Give back exactly the line containing "Im Außenbereich öffnet" and all that follow it in the data below, with the pictures left out.

——

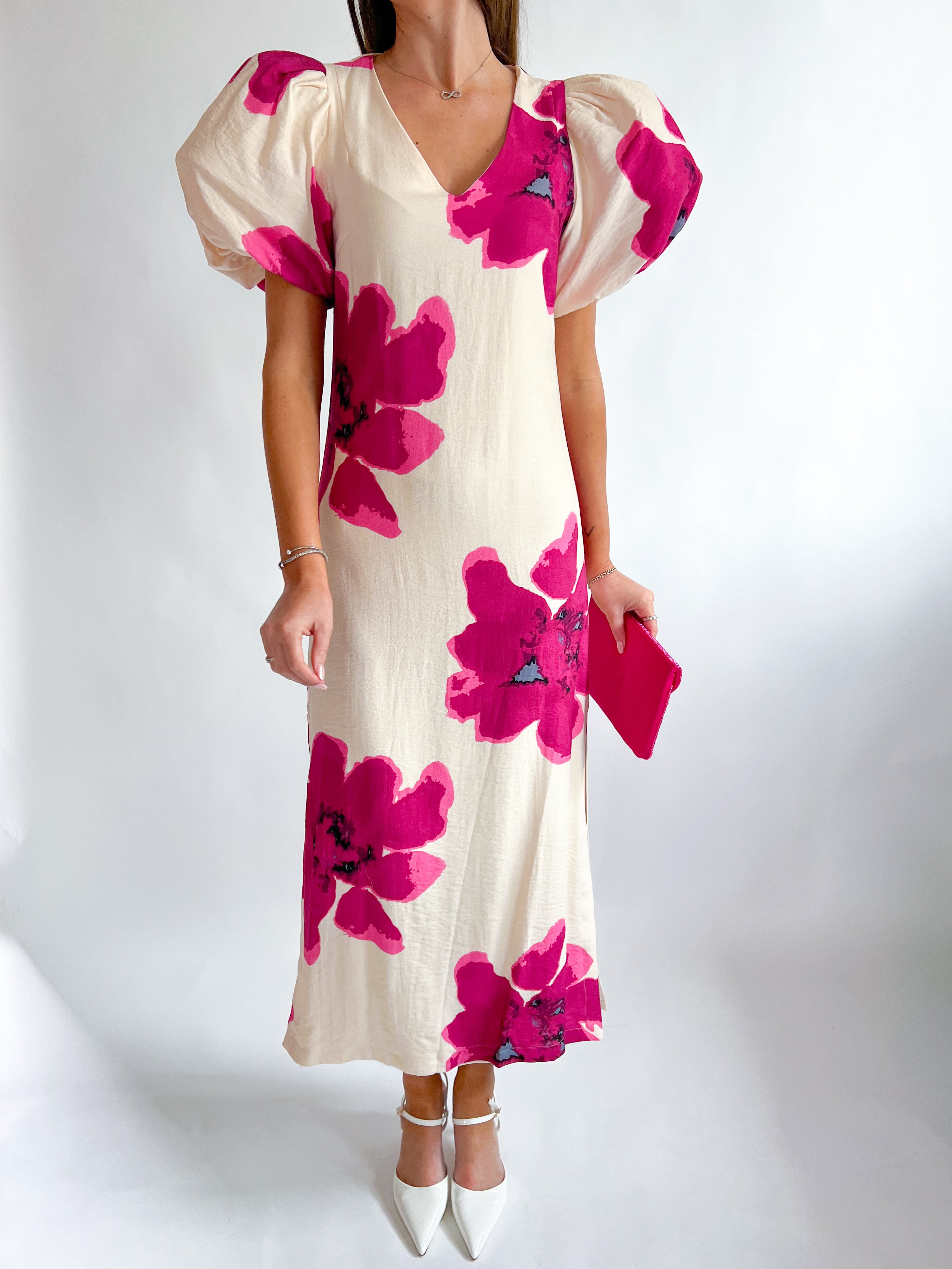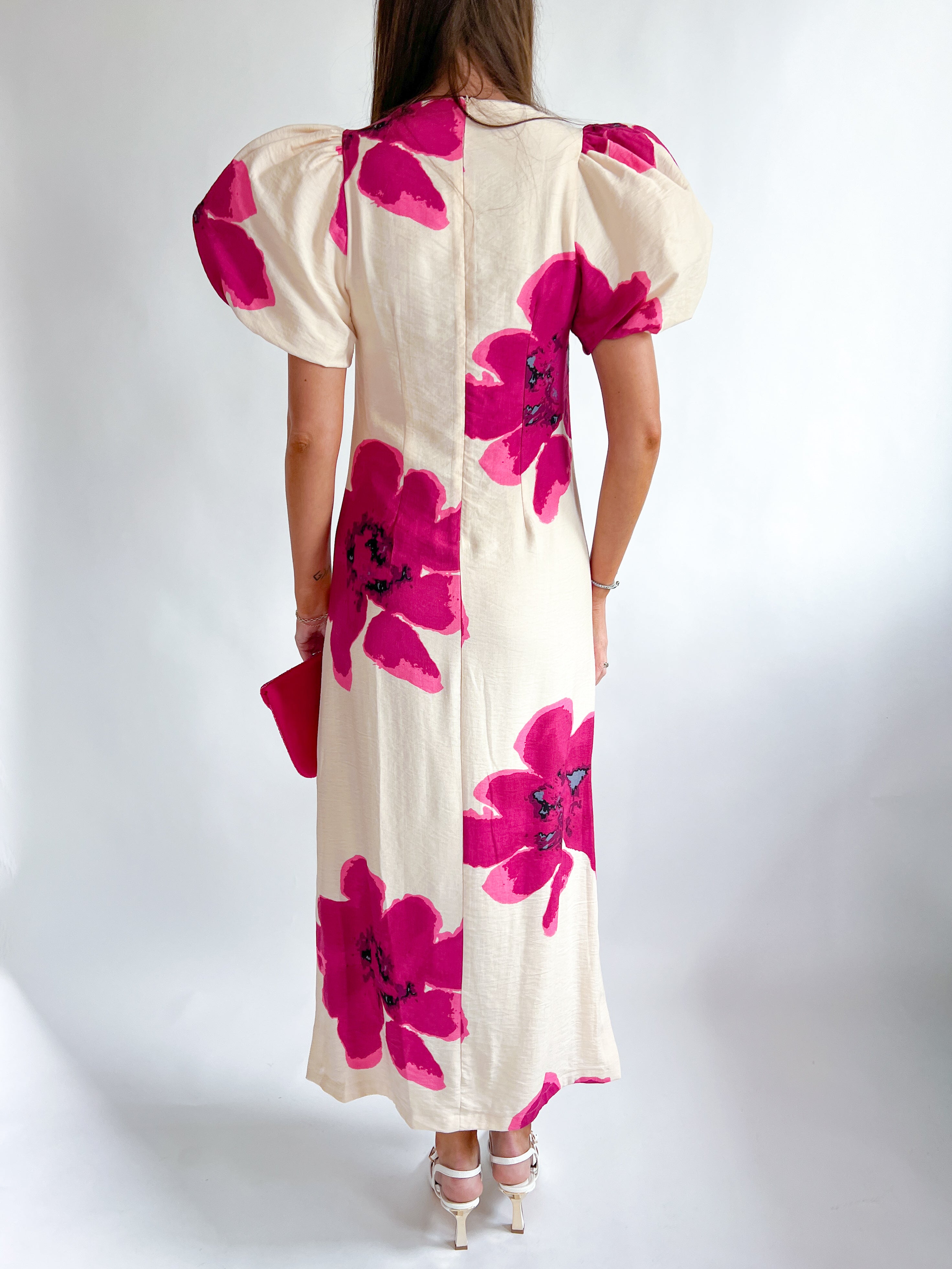 Puff-Sleeve A-Line Maxi Dress
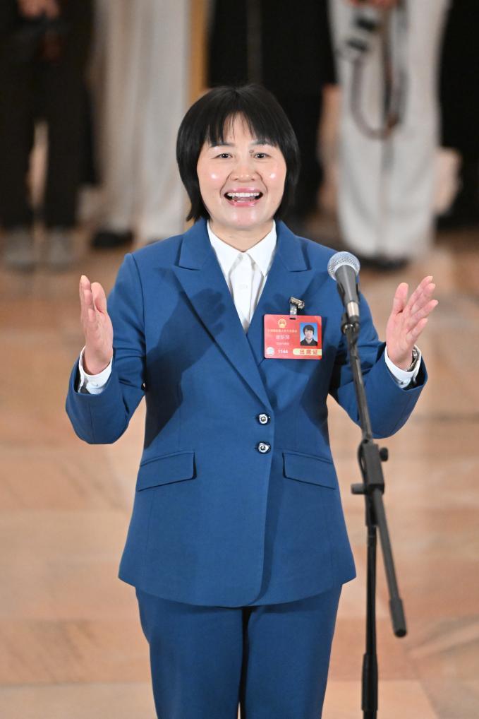 3月11日,第十四届全国人民代表大会第三次会议第三场“代表通道”集中采访活动在北京人民大会堂举行。这是全国人大代表谭新萍接受媒体采访。新华社记者 胥冰洁 摄
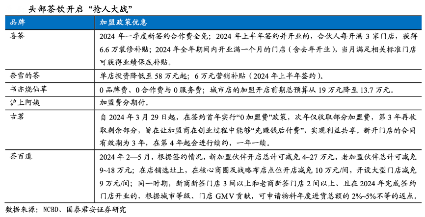 經(jīng)典案例:根據(jù)NCBD、國(guó)泰君安證券研究等綜合資訊表明,2024年以來(lái),頭部連鎖茶飲品牌通過(guò)調(diào)整加盟政策,進(jìn)一步降低加盟門(mén)檻,開(kāi)啟“搶人大戰(zhàn)”。頭部品牌發(fā)力爭(zhēng)奪市場(chǎng)份額,有望憑借規(guī)模優(yōu)勢(shì)、供應(yīng)鏈能力以及運(yùn)營(yíng)能力加速尾部 獨(dú)立茶飲店出清。
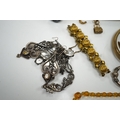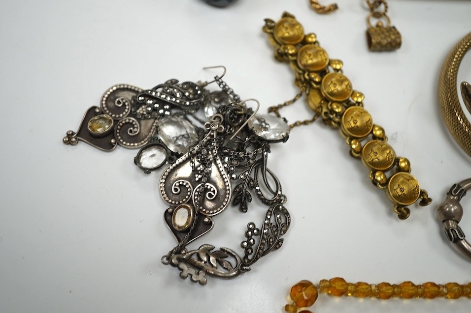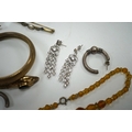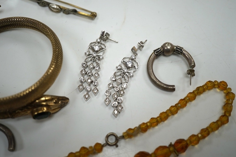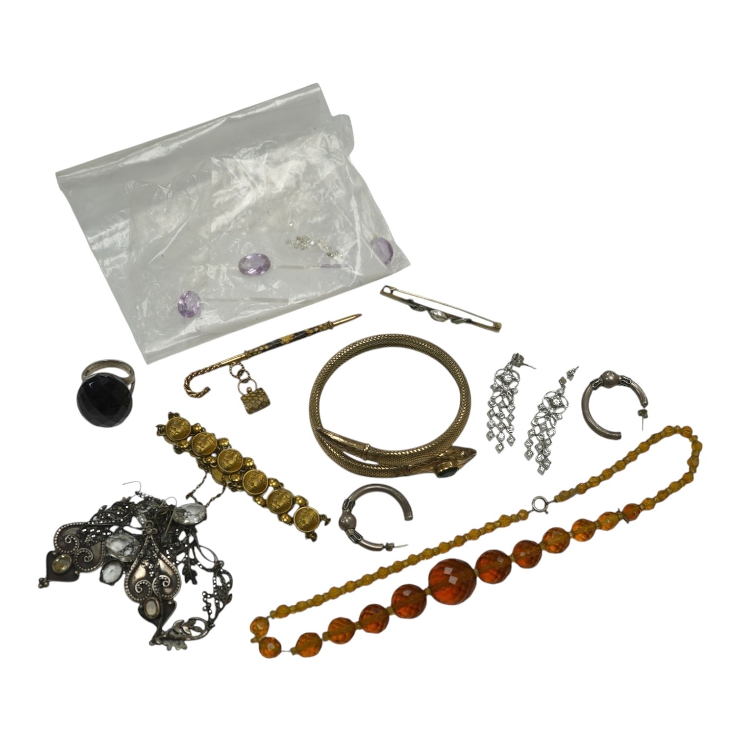 A small quantity of small loose diamonds, five loose round cut amethysts, a small group og white metal, 925 and costume jewellery including a serpent bangle.
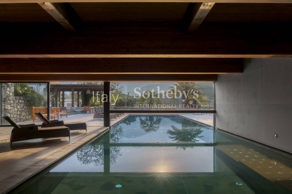 Im Außenbereich öffnet sich ein eleganter Indoor-/Outdoor-Pool zu einem wirkungsvoll gestalteten Innenhof mit Treppenanlagen, Brunnen und hochwertigen Zierbepflanzungen.
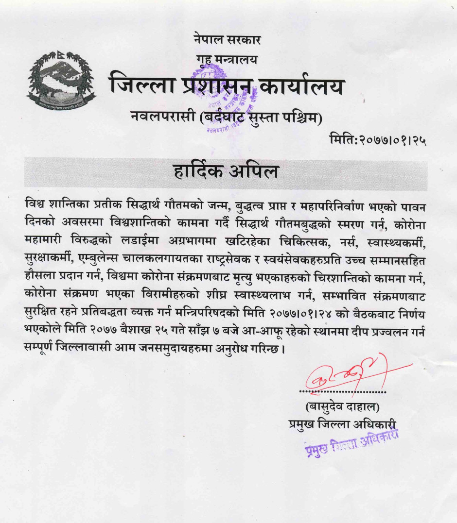 © सर्वाधिकार सुरक्षित जिल्ला प्रशासन कार्यालय, नवलपरासी (बर्दघाट सुस्ता पश्चिम)
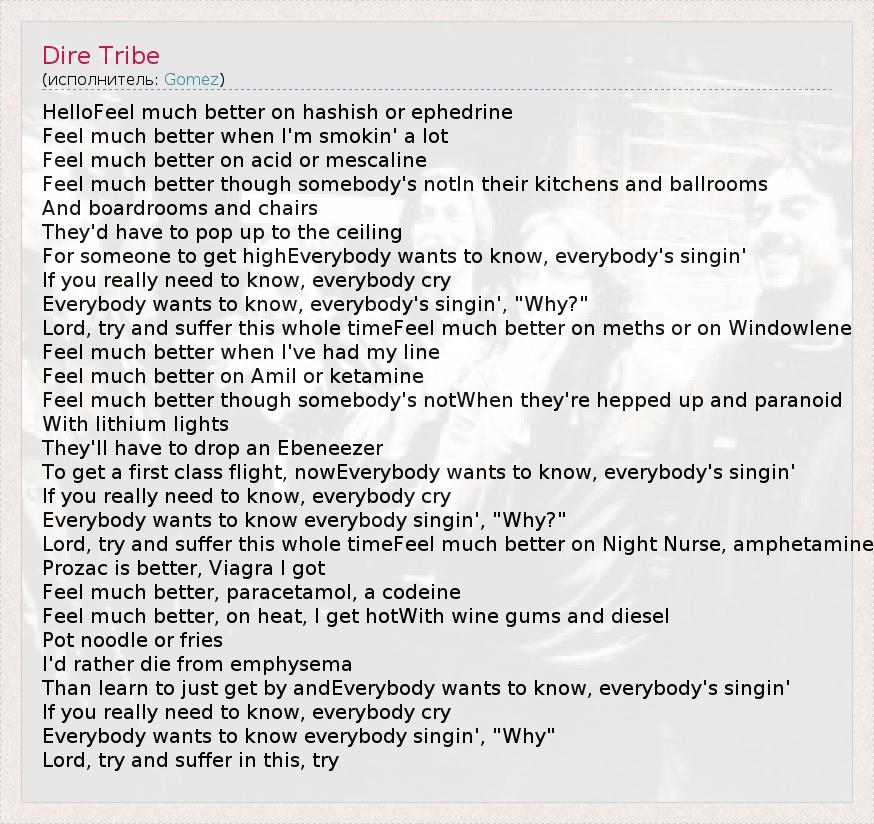 А как ты думаешь, о чем песня "Dire Tribe" ?
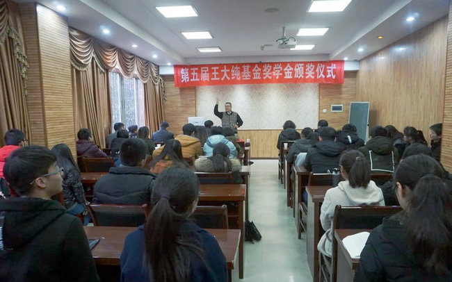 王大纯励志奖学金获得者颁发证书
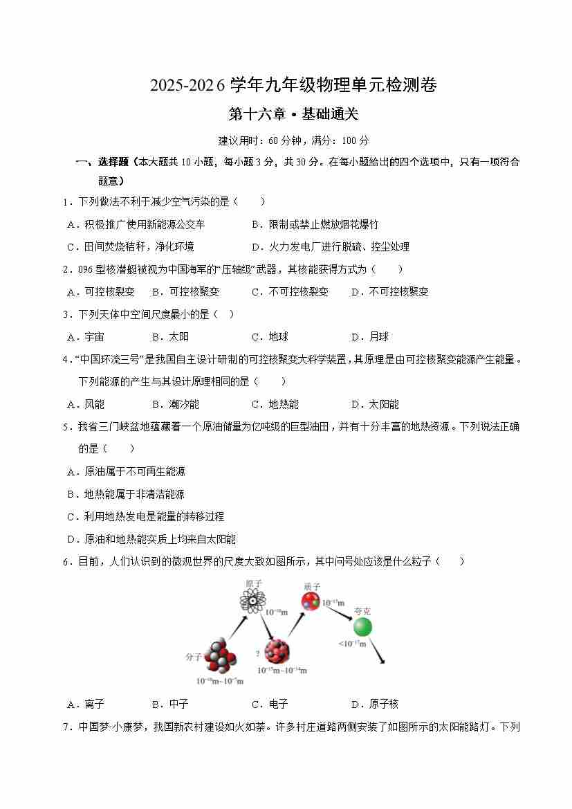 首页 > 全部 > 单元测试 > 第十六章 永恒的探索:宇宙和粒子(单元测试·基础卷)(考试版A4)

——

### [WRITTEN RESPONSE]
 Im Außenbereich öffnet sich ein eleganter Indoor-/Outdoor-Pool zu einem wirkungsvoll gestalteten Innenhof mit Treppenanlagen, Brunnen und hochwertigen Zierbepflanzungen.
 © सर्वाधिकार सुरक्षित जिल्ला प्रशासन कार्यालय, नवलपरासी (बर्दघाट सुस्ता पश्चिम)
 А как ты думаешь, о чем песня "Dire Tribe" ?
 王大纯励志奖学金获得者颁发证书
 首页 > 全部 > 单元测试 > 第十六章 永恒的探索:宇宙和粒子(单元测试·基础卷)(考试版A4)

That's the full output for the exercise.